# Partner not given written notice of redundancy



## TheRed (24 Feb 2009)

My partner was told a week ago he was being made redundant. He hasn't received any written notice of this and is due to finish on March 5th (Thurs week). He has been told he will receive 2 weeks additional pay.

It was the second round of redundancies in the firm purportedly done on a "first in last out basis", but in reality they skipped over one guy who has a child and another who goes out with the boss' best friend.

If my partner finishes on March 5th, he will be 2 weeks short for receiving statutory redundancy. 
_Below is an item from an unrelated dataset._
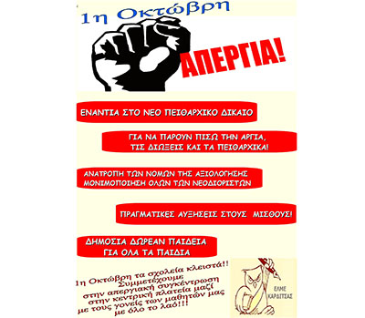 Την Τετάρτη 1 Οκτώβρη απεργούν οι εργαζόμενοι και στον δημόσιο και στον ιδιωτικό τομέα. ΑΠΕΡΓΟΥΜΕ και οι εκπαιδευτικοί. Ενώνουμε τις φωνές μας με τη φωνή όλων των εργαζομένων, των γονιών, των μαθητών μας, των νέων, ενάντια στον νέο εργασιακό μεσαίωνα με τα 13ωρα και τις εξοντωτικές συνθήκες εργασίας. Για τη συλλογική διεκδίκηση ζωής με δικαιώματα.
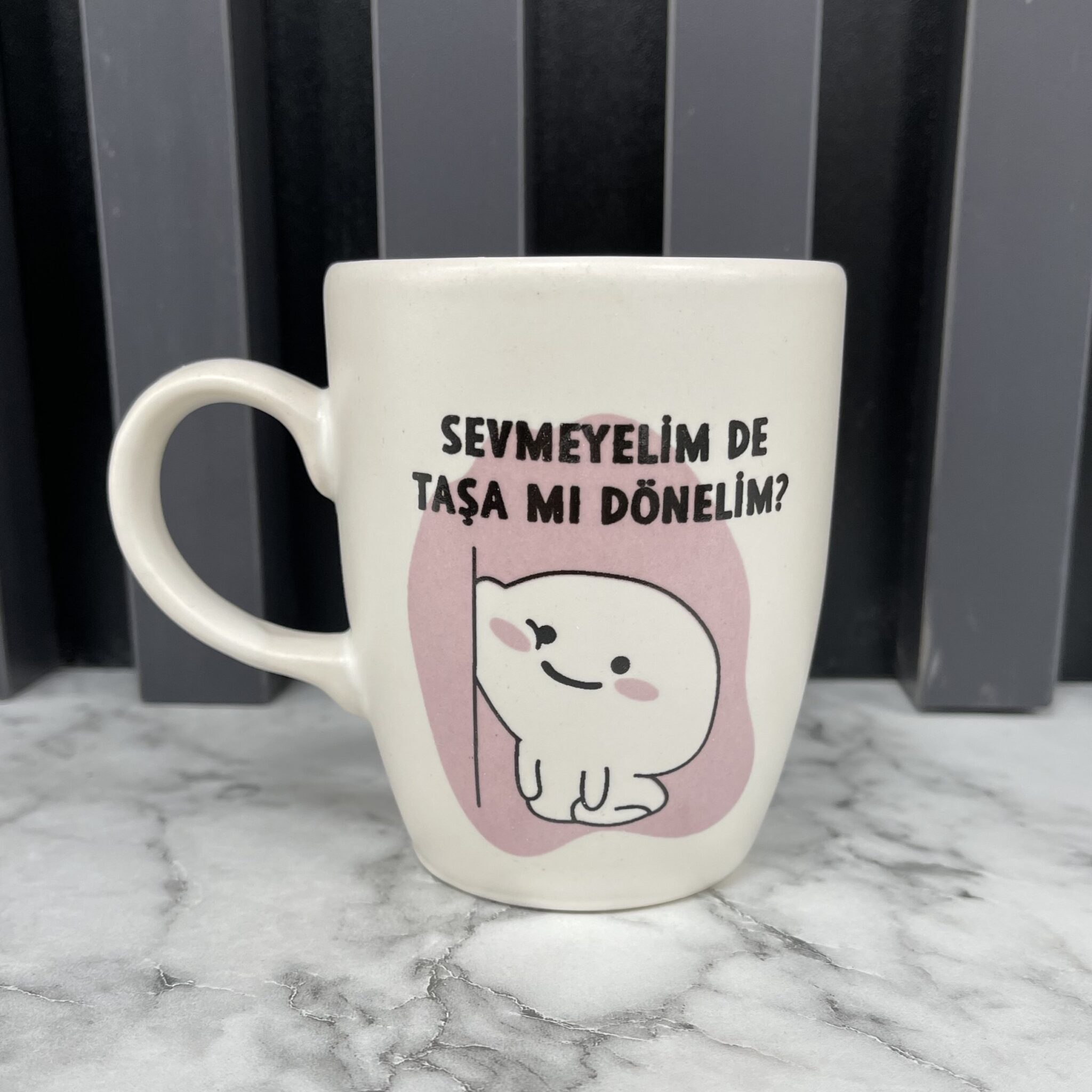 Motiv Tasse „Sevmeyelim de tasa mi dönelim?“ 1 Stück Volumen: ca. 300cc Höhe: ca. 9,5cm Durchmesser: ca. 8cm Material: Keramik Handmade

My question is (i) do you have to receive written notice of redundancy?
 (ii) do they have to give a reason why you were made redundant. We're hoping he will be able to drag out his finish date so he will qualify for statutory redundancy.


----------



## DubShelley (24 Feb 2009)

Check out [broken link removed]. It clearly states that employees must get written notice in the form of an RP50 form;

An employer is obliged to issue a written notice of redundancy to the employee (Form RP50) and to send a duplicate of the form with the employee's signature to the Department of Enterprise, Trade and Employment. Generally, the minimum period of notice will depend on a person's length of service or the period of notice in the person's contract of employment. The following table lists the minimum period of notice which a person is entitled to receive.

*Length of employment *-----------*Minimum Period of Notice *
Less than 13 weeks ...................Nil 
13 weeks - 2 years ....................1 Week
2 years - 5 years .......................2 Weeks
5 years - 10 years .................... 4 Weeks
10 years - 15 years ................... 6 Weeks
More than 15 years ....................8 Weeks


----------



## TheRed (24 Feb 2009)

Thanks for that.

He's there just shy of two years, so looks like he's only entitled to one week's written notice. His contract is pretty sparse and there's nothing on it about redundancy.


----------



## cisco (24 Feb 2009)

Hi TheRed
I was in same position 3 weeks ago, I phoned NERA (National Employment Rights) Authority
they say


employer is only obliged to give all  details of redundancy payments 2 weeks 
before termination of my employment.

notice period begins once they inform you verbally (nothing written)


----------



## greenfield (24 Feb 2009)

Hi TheRed

Even when there are genuine grounds for redundancy the employer must still select who is made redundant fairly.   Last in first out can be a fair selection procedure but if they do not have genuine business reasons for skipping out a couple of the people with shorter service your partner may have a case for unfair dismissal.


----------



## TheRed (24 Feb 2009)

Thanks for that advise. 

I'm really surprised. So is the redundancy.ie site wrong that you need notice in writing? 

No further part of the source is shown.